I know that preprocessing is a workaround, but I want to write my code in a way, that others can use it without me.

I found a way to read the CSV file the way I want it with read.csv2, by setting my own classes, as can be seen in the following example. Based on Most elegant way to load csv with point as thousands separator in R

# Create test example
df_test_write <- cbind.data.frame(c("a","b","c","d","e","f","g","h","i","j",rep("k",times=200)),
                            c("5.200,39","250,36","1.000.258,25","3,58","5,55","10.550,00","10.333,00","80,33","20.500.000,00","10,00",rep("3.133,33",times=200)),
                            c("25.03.2015","28.04.2015","03.05.2016","08.08.2016","08.08.2016","08.08.2016","08.08.2016","08.08.2016","08.08.2016","08.08.2016",rep("08.08.2016",times=200)),
                            stringsAsFactors=FALSE)
colnames(df_test_write) <- c("col_text","col_num","col_date")

# write test csv
write.csv2(df_test_write,file="Test.csv",quote=FALSE,row.names=FALSE)

#### read with read.csv2 ####

# First, define your own class

#define your own numeric class
setClass('myNum')
#define conversion
setAs("character","myNum", function(from) as.numeric(gsub(",","\\.",gsub("\\.","",from))))

# own date class
library(lubridate)
setClass('myDate')
setAs("character","myDate",function(from) dmy(from))

# Read the csv file, in colClasses the columns class can be defined
df_test_readcsv <- read.csv2(paste0(getwd(),"/Test.csv"),
                       stringsAsFactors = FALSE,
                       colClasses = c(
                         col_text = "character",
                         col_num = "myNum",
                         col_date = "myDate"
                       )
                )

My problem now is, that the different datasets have up to 200 columns and 350000 Rows.
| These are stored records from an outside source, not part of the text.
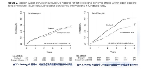 2. 在依那普利對(duì)照組,TC高低組之間,腦卒中發(fā)生率會(huì)有顯著性的統(tǒng)計(jì)學(xué)差異;在依那普利葉酸片治療組,腦卒中發(fā)生率在TC高低組之間差異不明顯,提示依那普利葉酸片有可能對(duì)于總膽固醇升高的高血壓患者的卒中預(yù)防也起到關(guān)鍵的作用。
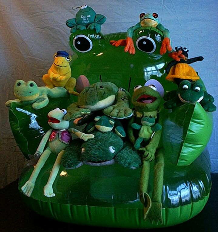 Here are my soft frogs. Amongst them is my only croaking frog and the large Kermit and flat frog that I have had for about 25 years. Some are "bean-filled" and others stuffed, one is a keyring and one a baby play frog who's feet make different noises when squashed.
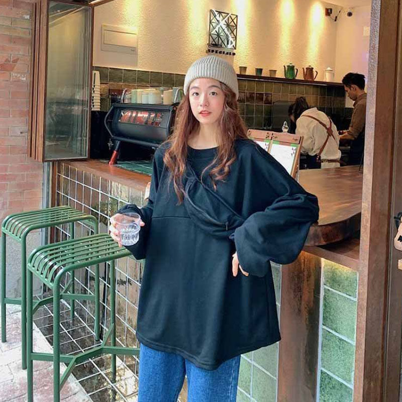 Eurie grand size necropstick women's spring and autumn slim 2020's new loose, lazy breeze with long version of blouses overfire
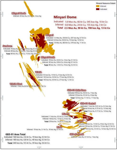 Ans. The updated Minyari development resource totals 3.3 million ounces gold equivalent, comprising 2.7 million ounces gold, 90,000 tonnes copper, 700,000 ounces silver and 13,000 tonnes cobalt.
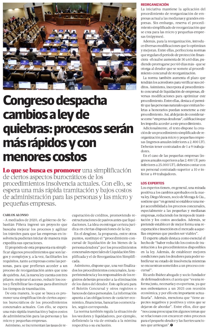 Cambios en la ley de quiebras buscan incentivar la reorganización más que la liquidación - (Diario Financiero)
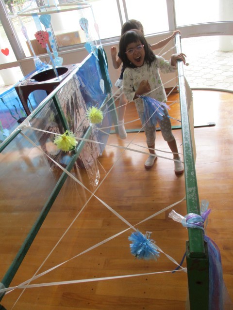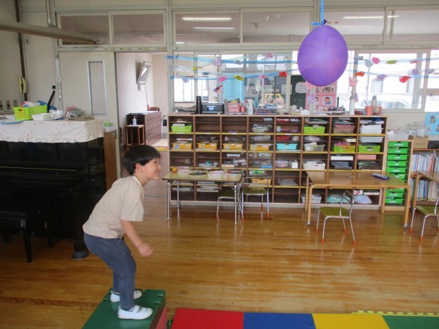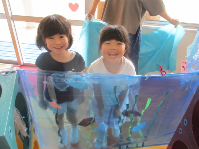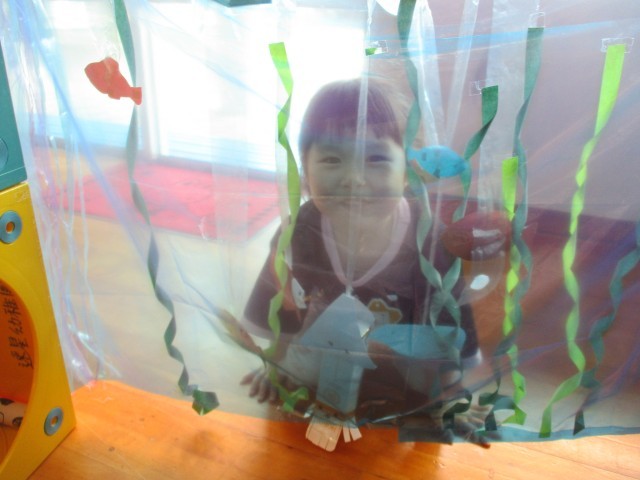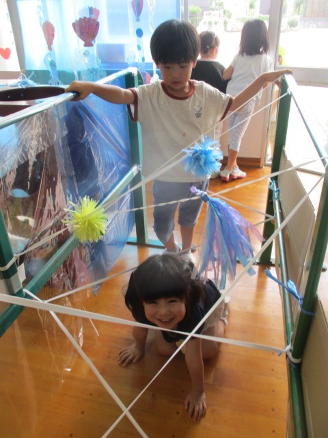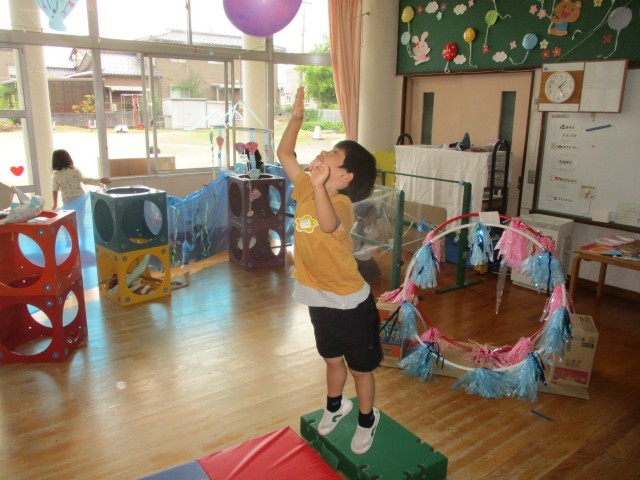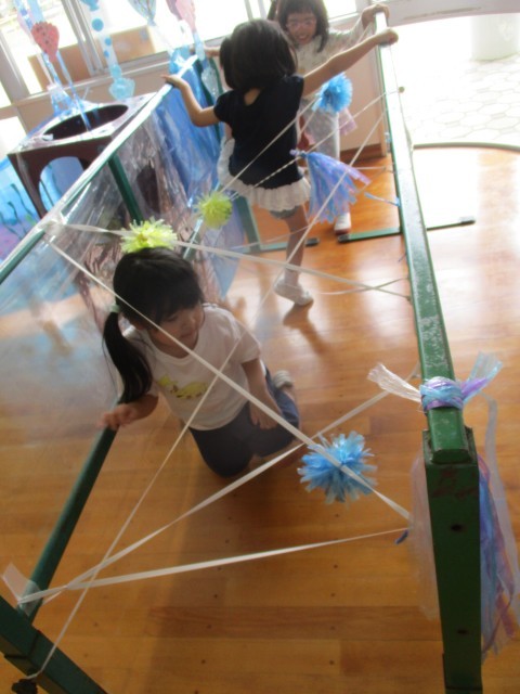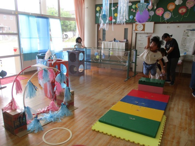 部屋に水族館をつくりたいという子どもたちの思いから、少しずつ海の生き物が増え、水族館の雰囲気になってきています。ゴムくぐりやイルカジャンプコーナーが増え、サーキット遊びをしました。「ゴムに当たるとビリビリ(電気が流れる)ってなるよ」とゴムに当たらないようにそっとまたいだり、四つ這いで進んだり、様々な身体の使い方で通り抜けていました。ジャンプコーナーでは風船にタッチしようと力いっぱい跳び、何度も繰り返し楽しみました。「楽しかった」「明日もやりたい」と満足気に話す一方「もっと海を増やしたい」「魚もつくりたい」と話す子どもの姿も見られました。これからどんな風に遊びが広がっていくのか楽しみです。

With the upper solution I need between 40 and 60 seconds to load one CSV file and I would like to speed this up.

Through my research I found fread() from the data.table package, which is really fast. It takes approximately 3 to 5 seconds to load the CSV file.

Unfortunately there is also no possibility to specify the thousand separator. So I tried to use my solution with colClasses, but there seems to be the issue, that you can't use individual classes with fread https://github.com/Rdatatable/data.table/issues/491

See also my following test code:

##### read with fread ####
library(data.table)

# Test without colclasses
df_test_readfread1 <- fread(paste0(getwd(),"/Test.csv"),
                            stringsAsFactors = FALSE,
                            dec = ",",
                            sep=";",
                            verbose=TRUE)
str(df_test_readfread1)

# PROBLEM: In my real dataset it turns the number into an numeric column, 
# unforunately it sees the "." as decimal separator, so it turns e.g. 10.550, 
# into 10.5
# Here it keeps everything as character

# Test with colclasses
df_test_readfread2 <- fread(paste0(getwd(),"/Test.csv"),
                            stringsAsFactors = FALSE,
                            colClasses = c(
                              col_text = "character",
                              col_num = "myNum",
                              col_date = "myDate"
                            ),
                            sep=";",
                            verbose=TRUE)
str(df_test_readfread2)

# Keeps everything as character

So my question is: Is there a way to read CSV files with numeric values like 10.380,45 with fread?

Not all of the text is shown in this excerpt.